Cannes, ce sont des films – beaucoup !- mais aussi des rencontres. Au hasard du Marché du film, nous avons rencontré Vincent Hejduk, fondateur de l’association MakeSense qui parle des réfugiés autrement que dans les médias traditionnels et outille le citoyen afin qu’il puisse s’impliquer dans des problématiques qu’il veut défendre.

« Waynak » ça veut dire « t’es où ?  » en arabe. Une question banale qui prend une tournure plus lourde dans un contexte de crise humanitaire et de flux migratoires. Waynak c’est aussi le titre d’une série documentaire – réalisée par 11 jeunes – sur la crise des réfugiés. Depuis 2016, le projet a mobilisé des milliers de personnes. C’est un mouvement inédit en Europe et il va continuer de faire des vagues ! « Réfugié », « crise », « migration » derrière ces mots qui perdent leur sens à force d’être serinés dans les médias se cachent des histoires et des passions. Pendant six mois, une équipe de jeunes des quatre coins du monde, a fait tourner sa caméra en Europe et au Moyen Orient. Le résultat : des récits, des aventures et des solutions pour l’intégration sociale des réfugiés.

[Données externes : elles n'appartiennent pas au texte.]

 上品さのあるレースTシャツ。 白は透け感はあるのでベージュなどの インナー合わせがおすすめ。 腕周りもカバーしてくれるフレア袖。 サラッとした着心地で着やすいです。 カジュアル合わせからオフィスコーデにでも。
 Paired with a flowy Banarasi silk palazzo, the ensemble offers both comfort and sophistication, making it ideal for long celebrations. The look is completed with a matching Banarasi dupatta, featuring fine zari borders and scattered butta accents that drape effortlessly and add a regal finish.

Concrètement, MakeSense a épinglé trois challenges à relever : comment garantir par voie légal un passage sécurisé aux réfugiés ; quand ils arrivent dans un pays, comment garantir l’accès aux informations et besoins de base ; enfin, comment intégrer socialement ces personnes via des opportunités économiques. Depuis le 14 novembre 2016, date de sortie du 1er épisode, la mobilisation est enclenchée « de plus en plus d’ateliers d’innovations se sont développés pour aider les entrepreneurs sociaux de MakeSense. On a réussi à créer une mobilisation concrète dans une vingtaine de pays. » Si Vincent a fondé MakeSense c’est pour raconter ces initiatives sociales. « Comme tout le monde, à l’époque je lisais la presse et j’étais dégouté de ce que j’y lisais. Je voulais créer du contenu mais pas seulement, il faut permette au citoyen de trouver où il peut s’investir et aider des projets qui existent déjà. »

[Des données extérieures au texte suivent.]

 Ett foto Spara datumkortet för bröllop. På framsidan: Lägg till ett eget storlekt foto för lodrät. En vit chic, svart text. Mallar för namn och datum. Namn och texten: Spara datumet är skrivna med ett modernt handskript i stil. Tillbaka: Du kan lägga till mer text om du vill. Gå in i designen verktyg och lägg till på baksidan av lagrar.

Faire de MakeSense un média via Waynak, sert à proposer un discours nouveau, plus proche de la réalité. Un changement qui passe par les images, bien loin du flux de clichés médiatiques. « On ne montre pas un blanc qui sert de la soupe à un pauvre réfugié ! Mais des gens de toutes nationalités, souvent des réfugiés d’ailleurs, qui portent des projets, qui pensent et mettent en place des solutions  ». Après la projection du premier documentaire en 2016, s’en est suivie une mobilisation importante, en quatre mois des milliers de personnes étaient impliquées. « Chaque épisode est relié à une projection géo-localisée. En ligne les gens comprennent des problématiques. Ensuite ils rencontrent dans la vraie vie des porteurs de projets locaux dans le cadre de projections. On crée du contenu avec le public. » Finalement, le monde est une question de migration et il faut voir ça comme une opportunité. « D’ici 10 ans avec le réchauffement climatique, on va faire face à des flux migratoires sans précédent. L’Algérie par exemple va être très concernée, à cause du manque d’eau. Cette crise, en fait, permet aux gens de se préparer. » Les solutions que Waynak montrent à l’écran sont aujourd’hui reproduites dans de nombreuses villes. En changeant le discours Vincent et ses amis sont passés du contenu à l’action.